Python Forum
How do I get rid of the HTML tags in my output? - Printable Version

+- Python Forum (https://python-forum.io)
+-- Forum: Python Coding (https://python-forum.io/forum-7.html)
+--- Forum: Web Scraping & Web Development (https://python-forum.io/forum-13.html)
+--- Thread: How do I get rid of the HTML tags in my output? (/thread-20336.html)
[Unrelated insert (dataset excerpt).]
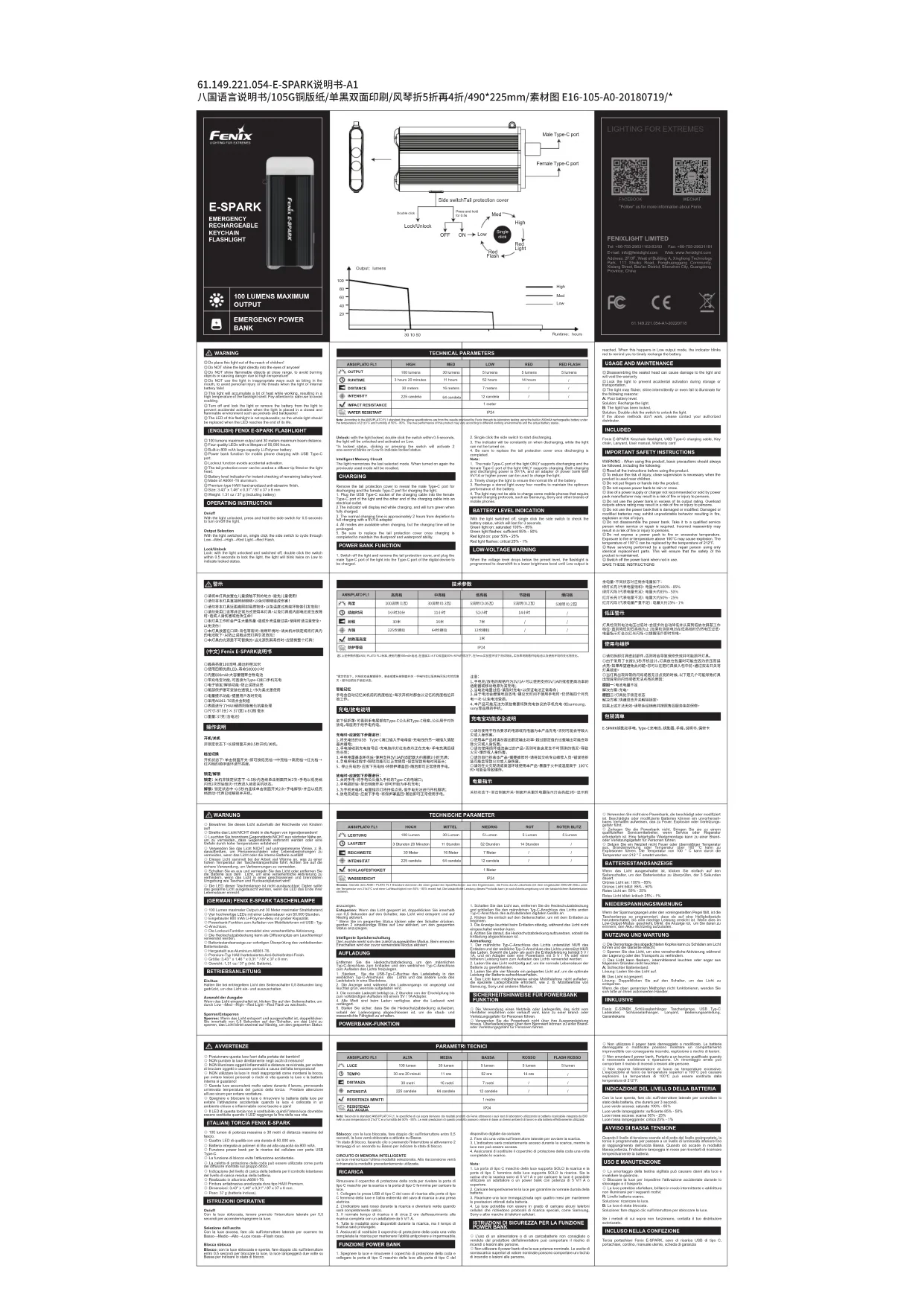 ◎ Le démontage de la tête scellée peut causer des dommages à la lampe et annule la garantie. ◎ Verrouillez la lampe pour éviter une activation accidentelle pendant le stockage ou le transport. ◎ La luminosité de la lampe peut vaciller, briller par intermittence ou même ne pas s’allumer pour les raisons suivantes : A : Faible niveau de la batterie. Solution : Rechargez la lampe. B : La lampe a été verrouillée. Solution : Double-cliquez sur l’interrupteur pour déverrouiller la lampe. Si les recommandations ci-dessus ne fonctionnent pas, veuillez contacter votre distributeur agréé. CONTENU Lampe torche Fenix E-SPARK, câble de rechargement USB Type-C, chaînette porte-clés, dragonne, manuel d’utilisation, carte de garantie

How do I get rid of the HTML tags in my output? - glittergirl - Aug-05-2019

How do I remove HTML tags from the following code? This is what I've tried:

import collections
import itertools
import sys
import csv
import glob
import re

def striphtml(data):
    p = re.compile(r'<.*?>')
    return p.sub('', data)

for filepath in glob.glob('**/*.html', recursive=True):
	with open(filepath) as f:
	    before = collections.deque(maxlen=10)
	    for line in f:
	        if 'apple' in line:
	            sys.stdout.writelines(before)
	            sys.stdout.write(line)
	            sys.stdout.writelines(itertools.islice(f, 10))
	            break
	        results = before.append(line)
blah = striphtml(results)
print(blah)
The printed code still has HTML tags in it. I don't have to do it in regex; whatever is easiest should be fine.


RE: How do I get rid of the HTML tags in my output? - snippsat - Aug-05-2019

Use html2text,look at this post.
Also beware that it will not always look good,people who make html has never just all text output in mind.